Pausch remembered in Marinelli’s new book
Late Carnegie Mellon computer science professor Randy Pausch’s influence may have increased exponentially after the Last Lecture, but, according to colleagues, he had been an inspiring individual to work with throughout his time at Carnegie Mellon.
In his new book The Comet and the Tornado, executive producer of the Entertainment Technology Center (ETC) Don Marinelli, writes about his personal transition from drama to computer science, as well as his time working at the ETC with Pausch.
Together, Marinelli and Pausch founded the ETC, the collaboration of left- and right-brained thinking. Marinelli, with a background in drama, was the creative right-brained thinker, while Pausch, with a computer science degree, was much more left-brained.

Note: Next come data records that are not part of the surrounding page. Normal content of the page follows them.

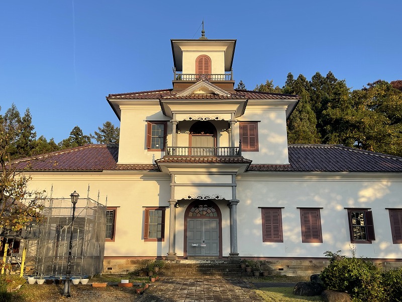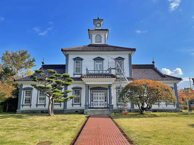 1878年に建てられた擬洋風建築「旧西置賜郡役所(小桜館)」。(2023.11)
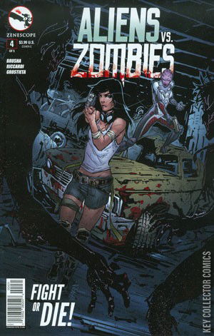 The penultimate issue of Aliens Vs. Zombies is here! When a meteor carrying the Zombie virus hits Earth it triggers the potential end of mankind. The last chance for humanity is the spacecraft full of Alien scientists tasked with eliminating the interstellar virus.
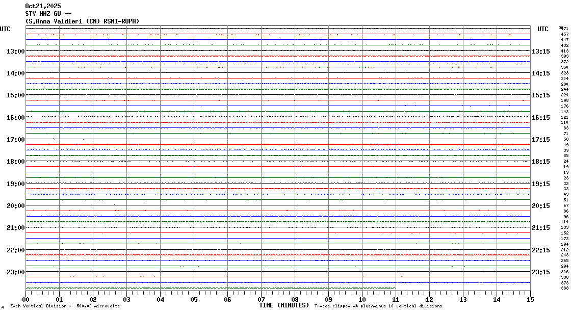 Dal 05/2006 al 12/2014 Sistema di trasmissione: Internet (RUPA) Dal 05/2006 al 10/2006 Sensore: Nanometrics Trillium 40 Dal 1996 al 04/2006 Codice stazione: STV2 Sensore: Guralp CMG 40 Sistema di digitalizzazione: Lennartz Mars 88 MC Sincronizzazione di tempo: DCF Sistema di trasmissione: Dial-up Modem Dal 1985 al 2007 Codice stazione: STVA Sensore: Geotech S13 Sistema di digitalizzazione: Lennartz 5800 Sincronizzazione di tempo: DCF Sistema di trasmissione: CDA Modem |
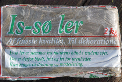 Ler er også fundet i jorden. Man kan lave mange sjove og gode ting af ler. Her på pakken står der, at det blev dannet for mange år siden under istiden.
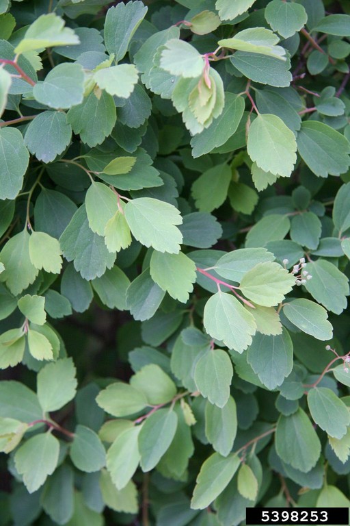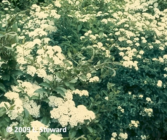 Last of spring flowering spireas to flower. Flowers are in inch diameter clusters along stems.
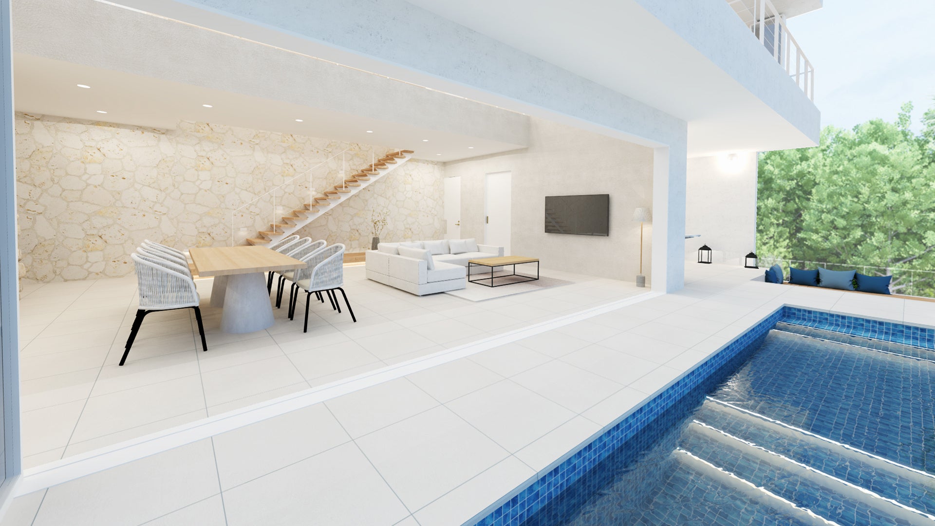 吹き抜けから注ぐ自然光と、大きく開かれた窓があるリビングダイニングは、開放感に満ちた、まるで海辺に佇んでいるかのような錯覚を与える空間になっております。高さ約6mの吹き抜けと約140㎡のインドア・アウトドアリビングで屋内と屋外の境界を超越したリトリート体験をお楽しみいただけます。
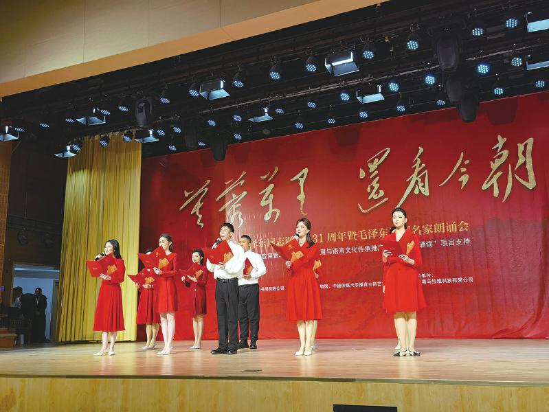 朗誦會上,中國傳媒大學學生誦讀毛澤東同志詞作《沁園春·長沙》。 本報記者 章紅雨 攝
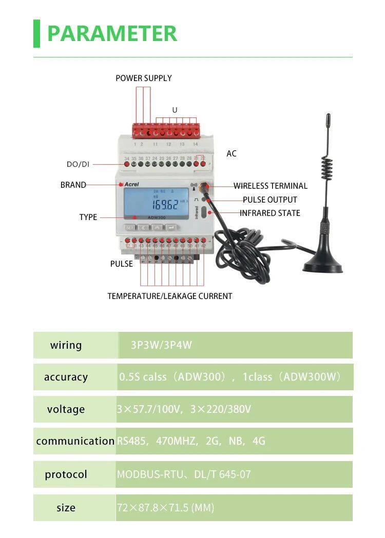 - Acrel ADW300 Дин-рейльный интеллектуальный электросчётчик для контроля, сбора и управления электроэнергией
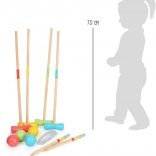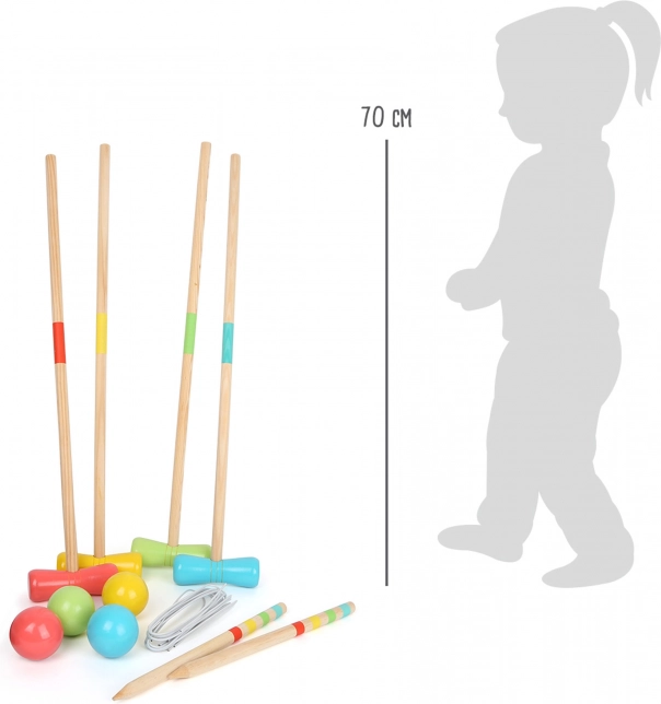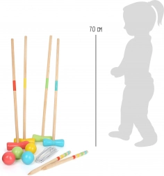 Drevený kroket Small foot Active je nadčasová hra pre deti aj dospelých. Bránky jednoducho zapichnete do trávnika a môžete ich rozostaviť s väčšími či menšími rozstupmi do rôznych formácií. Vďaka tomu si prispôsobíte pravidlá aj tempo hry svojim schopnostiam a veku hráčov.

The title of the book originates in the nicknames of the two colleagues. Pausch called Marinelli the “Tornado,” referring to his vibrant energy and creativity. While thinking of a word to describe Pausch, Marinelli came up with the “Comet.” “Comet Randy burst upon the scene like an astral body ... illuminating his secrets for living life to the fullest for millions of folks who needed such guidance ... Comet Randy left millions of people stunned, amazed, happy, giddy, and seeing light where there had been only darkness,” Marinelli said in a Carnegie Mellon press release.
Marinelli’s motive behind putting the book together was two-fold. Pausch’s name has been mainly associated with the creation of the Alice software but he has also played a major role at the ETC. “Few know that the ETC really is the legacy of Randy Pausch, so I wanted to set the record straight,” Marinelli said. Secondly, Marinelli opines that Pausch is now viewed as a saint and through this book Marinelli wants to bring some of the humanity back to Pausch’s image. “I don’t want Randy to lose the ‘human’… humanity is a great strength,” he said.
Crystal Lee, a graduate student in lighting and design, heard Marinelli speak about his book at the United States Institute for Theatre Technology in Kansas City, Missouri, and wanted to read more about it. “Since the School of Drama is closely affiliated with the ETC, I wanted to see how the ETC was formed prior to my coming to CMU,” she said.
Marinelli hopes to write a second book in the future, but is currently focused on continuing to make the ETC a global initiative, recruiting people from around the world to contribute their left- and right-brained talents.